If CD piracy is indeed as rampant as the report claims, that doesn't necessarily mean that the world is full of immoral music thieves who're out to destroy the world economy. Rather, it's an economic truism that a huge and thriving black market is evidence not of widespread consumer "immorality" or ignorance of/disrespect for property rights, but of artificial price inflation in the legitimate market. Furthermore, the size of the black market for any product is a direct indicator of the degree of overpricing in the legit market. In other words, as some force (like, say, the recording industry's monopoly pricing) distorts prices upwards, people begin to turn in ever larger numbers to the black market for the same goods.
(Note that monopoly pricing isn't the only force that can inflate prices and drive consumers into a gray or black market. High tariffs, governmental corruption, and other governmental and institutional roadblocks to legitimate businesses can squelch a market's formal sector and drive activity into the informal sector. All of these issues are probably factors in the growth of music black markets in places like Latin America and China. See this great TCS interview with William Lewis for more on the topic of the role of protectionism and corruption in fostering black markets.)

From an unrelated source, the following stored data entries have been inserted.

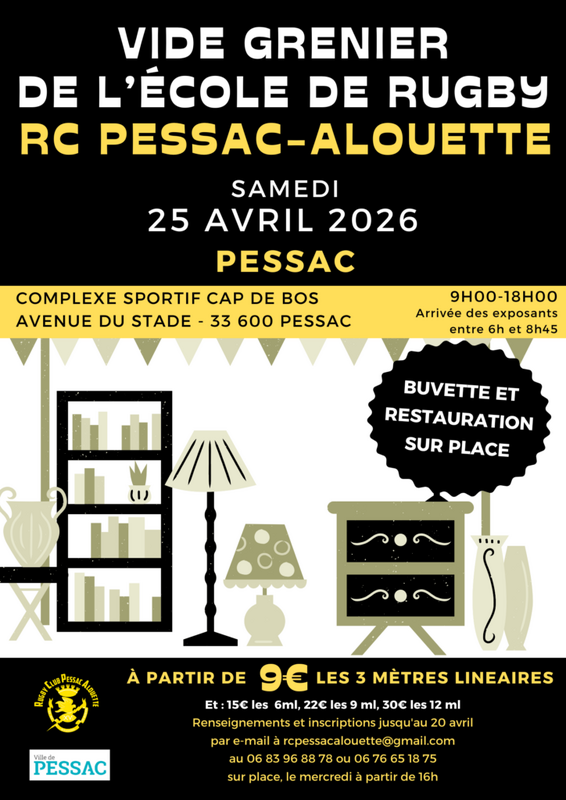 Le samedi 25 avril 2026, sur le complexe sportif Cap-de-Bos – avenue du stade 33 600 Pessac, se tiendra le traditionnel vide-greniers de l’école de rugby du RC Pessac-Alouette.
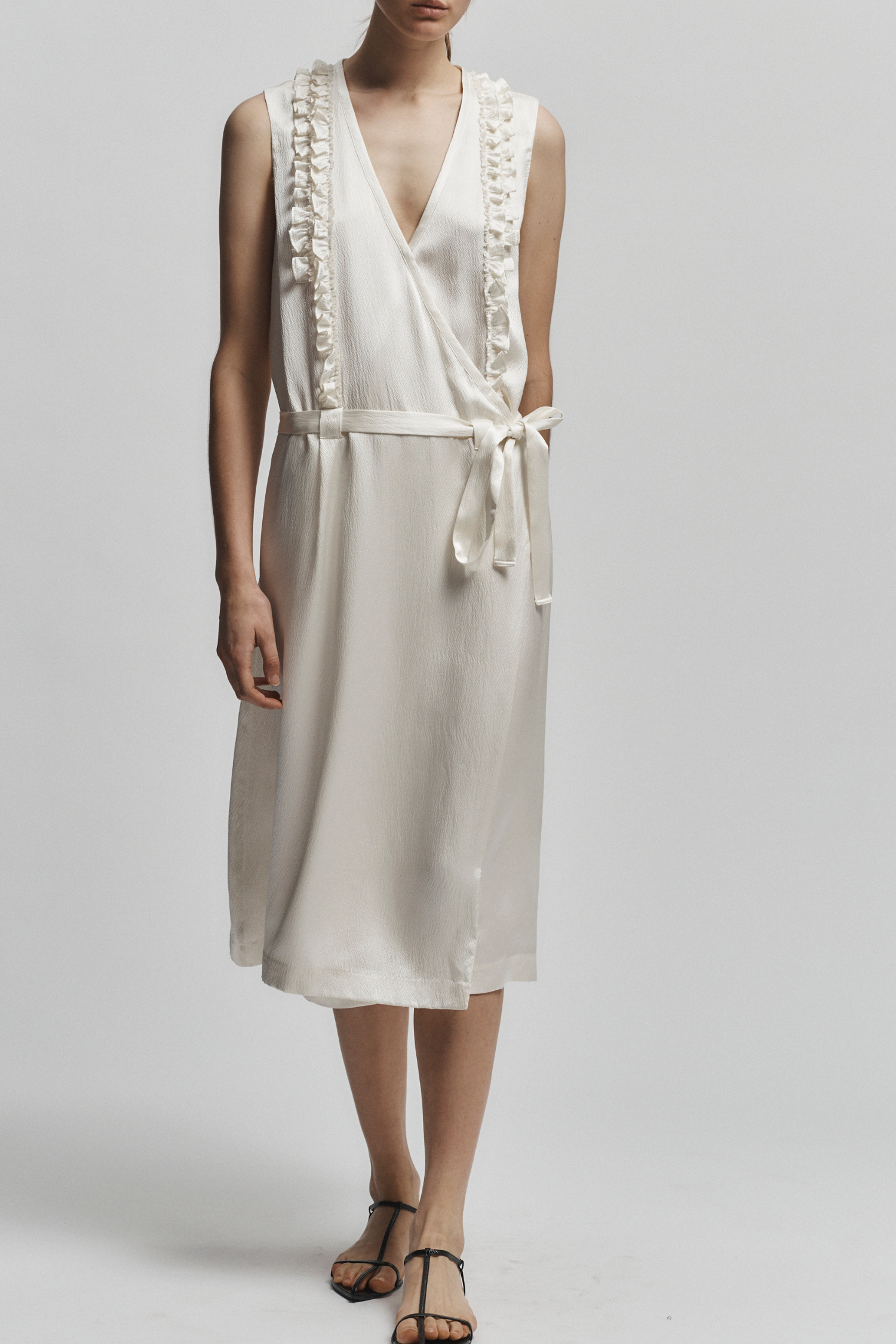 Indulge in luxury with the Sylas Silk Wrap Dress. Made from hammered silk, this v-neck wrap dress exudes sophistication. With its flattering below the knee length, it is perfect for any occasion. Experience the comfort and elegance of this timeless piece.
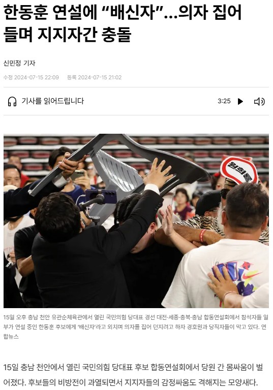 국민의 힘 몸싸움 하는 당대표 후보 지지자들 News2025. 8. 13. 23:00
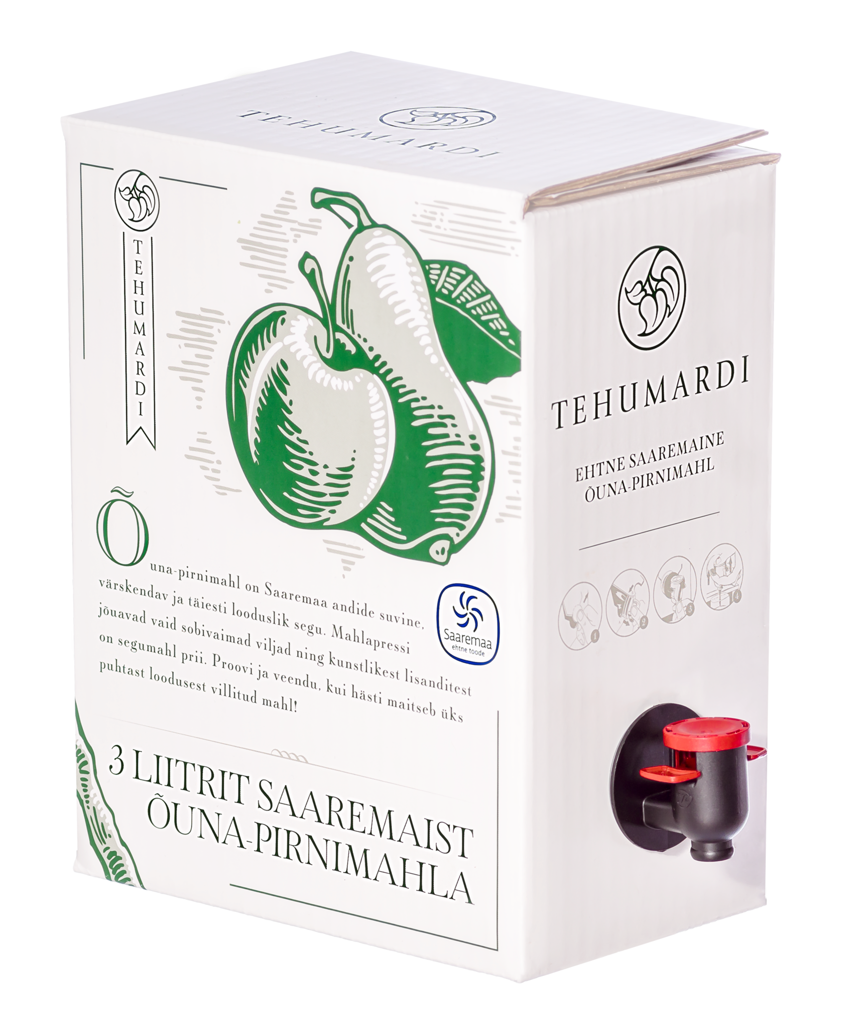 Ehtne ja maitsev Saaremaine õuna-pirni segumahl.Hind: 8,90 EUR (2,97€/L). Hind sisaldab käibemaksu 24%.

My point is that if CDs weren't so outrageously priced, there wouldn't be such a large CD piracy problem. CD prices have risen significantly faster than inflation in the past 15 years, even as CD production and distribution costs have fallen through the floor. What the music industry has is not a piracy problem, but a monopoly pricing problem. The "pirates" are just giving consumers the chance to purchase music in a real market. In asking the government to help them go after pirates, what the recording industry is really trying to do is get the government to help them work against the market by maintaining their monopoly pricing. It's ironic that in the name of "free trade" and commerce, Big Content is actually fighting to counteract the very market forces that they claim to champion.
The same forces described above are also at work in the rise of the market for legal downloads, a market that's now starting to rival the illegal download market:
LONDON (Hollywood Reporter) - Around 35% of music consumers now download tracks legally via the Internet and the percentage will soon pass the 40% who have pirated music, according to a new survey released Monday by Entertainment Media Research...
Fear of prosecution, Internet viruses, and inferior quality were cited as the main deterrents against illegal downloading, the report said. Nearly two-thirds of music consumers said immediate availability was the key reason for buying tracks online.